Sin embargo, dejadas a su suerte, esas células madre esqueléticas activadas regeneraron fibrocartílago en la articulación. Pero, ¿qué pasaría si el proceso de curación después de una microfractura pudiera dirigirse hacia el desarrollo del cartílago y alejarse del fibrocartílago? Los investigadores sabían que a medida que se desarrolla el hueso, las células deben pasar primero por una etapa de cartílago antes de convertirse en hueso. Tenían la idea de que podrían alentar a las células madre esqueléticas en la articulación a comenzar un camino hacia convertirse en hueso, pero detener el proceso en la etapa del cartílago.

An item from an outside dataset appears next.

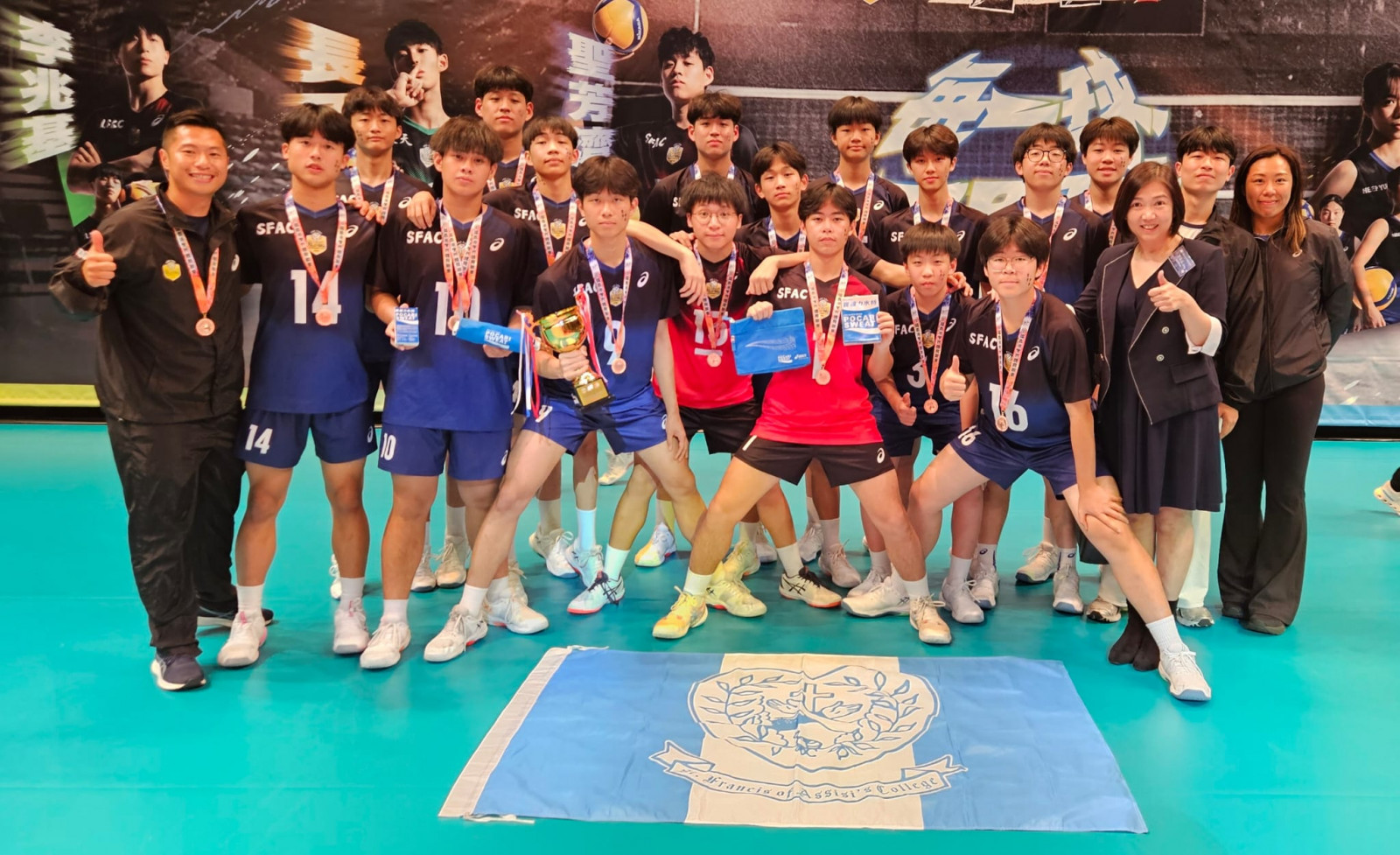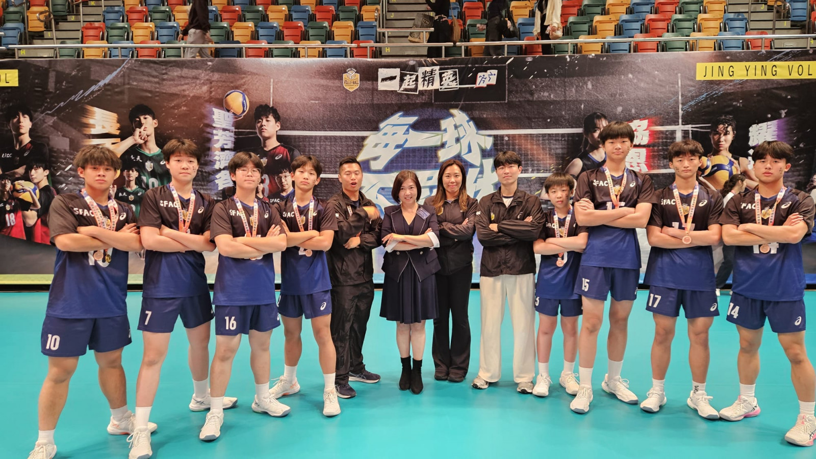 經過兩天在伊利沙伯體育館舉行的全港學界精英排球比賽四強賽及季軍戰,我校男子排球隊連續兩屆勇奪 全港學界精英排球男子組季軍 。男子排球隊隊員在球場上全力發揮,展現了聖芳一條心,運動員力爭上游的精神。

Los investigadores utilizaron una poderosa molécula llamada proteína morfogenética ósea 2 (BMP2) para iniciar la formación ósea después de la microfractura, pero luego detuvieron el proceso a la mitad con una molécula que bloqueó otra molécula de señalización importante en la formación ósea, llamada factor de crecimiento endotelial vascular (VEGF). “Lo que obtuvimos fue un cartílago que está hecho del mismo tipo de células que el cartílago natural con propiedades mecánicas comparables, a diferencia del fibrocartílago que normalmente obtenemos”, dijo Chan. «También restauró la movilidad a los ratones osteoartríticos y redujo significativamente su dolor». Como prueba del principio de que esto también podría funcionar en humanos, los investigadores transfirieron tejido humano a ratones que fueron criados para no rechazar el tejido, y pudieron demostrar que las células madre esqueléticas humanas podrían dirigirse hacia el desarrollo óseo pero detenerse en el cartílago.